* Supplied data
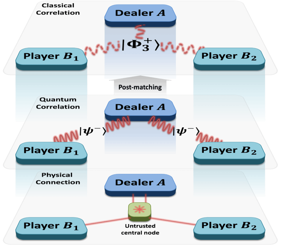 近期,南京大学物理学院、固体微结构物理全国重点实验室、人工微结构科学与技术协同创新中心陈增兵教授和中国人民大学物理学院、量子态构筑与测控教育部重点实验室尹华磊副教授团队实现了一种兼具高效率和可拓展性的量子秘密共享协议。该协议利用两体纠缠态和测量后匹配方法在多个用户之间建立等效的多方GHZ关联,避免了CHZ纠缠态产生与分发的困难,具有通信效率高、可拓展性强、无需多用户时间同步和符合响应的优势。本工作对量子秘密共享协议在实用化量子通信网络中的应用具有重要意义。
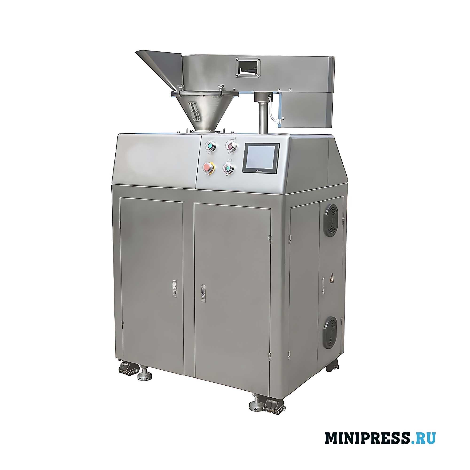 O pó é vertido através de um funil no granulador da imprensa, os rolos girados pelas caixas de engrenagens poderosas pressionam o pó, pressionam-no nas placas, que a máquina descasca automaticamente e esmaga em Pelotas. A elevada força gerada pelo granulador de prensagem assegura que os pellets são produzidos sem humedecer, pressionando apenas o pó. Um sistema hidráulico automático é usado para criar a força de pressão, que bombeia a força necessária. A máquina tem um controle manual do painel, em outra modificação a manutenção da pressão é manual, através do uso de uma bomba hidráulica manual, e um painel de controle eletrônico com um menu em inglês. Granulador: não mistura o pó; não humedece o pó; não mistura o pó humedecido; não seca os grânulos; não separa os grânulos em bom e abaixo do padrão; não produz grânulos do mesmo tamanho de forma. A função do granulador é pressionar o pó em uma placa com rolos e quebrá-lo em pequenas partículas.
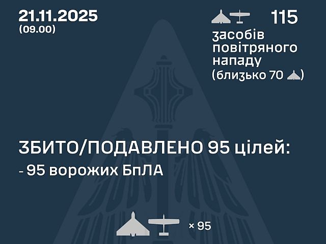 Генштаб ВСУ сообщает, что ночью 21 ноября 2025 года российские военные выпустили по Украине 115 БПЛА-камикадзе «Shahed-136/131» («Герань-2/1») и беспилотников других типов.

* Your objective
Nothing but the lines from the first line of the data through the line with "O pó é vertido" belongs in the answer, copied exactly and without pictures.

* Written answer
 近期,南京大学物理学院、固体微结构物理全国重点实验室、人工微结构科学与技术协同创新中心陈增兵教授和中国人民大学物理学院、量子态构筑与测控教育部重点实验室尹华磊副教授团队实现了一种兼具高效率和可拓展性的量子秘密共享协议。该协议利用两体纠缠态和测量后匹配方法在多个用户之间建立等效的多方GHZ关联,避免了CHZ纠缠态产生与分发的困难,具有通信效率高、可拓展性强、无需多用户时间同步和符合响应的优势。本工作对量子秘密共享协议在实用化量子通信网络中的应用具有重要意义。
 O pó é vertido através de um funil no granulador da imprensa, os rolos girados pelas caixas de engrenagens poderosas pressionam o pó, pressionam-no nas placas, que a máquina descasca automaticamente e esmaga em Pelotas. A elevada força gerada pelo granulador de prensagem assegura que os pellets são produzidos sem humedecer, pressionando apenas o pó. Um sistema hidráulico automático é usado para criar a força de pressão, que bombeia a força necessária. A máquina tem um controle manual do painel, em outra modificação a manutenção da pressão é manual, através do uso de uma bomba hidráulica manual, e um painel de controle eletrônico com um menu em inglês. Granulador: não mistura o pó; não humedece o pó; não mistura o pó humedecido; não seca os grânulos; não separa os grânulos em bom e abaixo do padrão; não produz grânulos do mesmo tamanho de forma. A função do granulador é pressionar o pó em uma placa com rolos e quebrá-lo em pequenas partículas.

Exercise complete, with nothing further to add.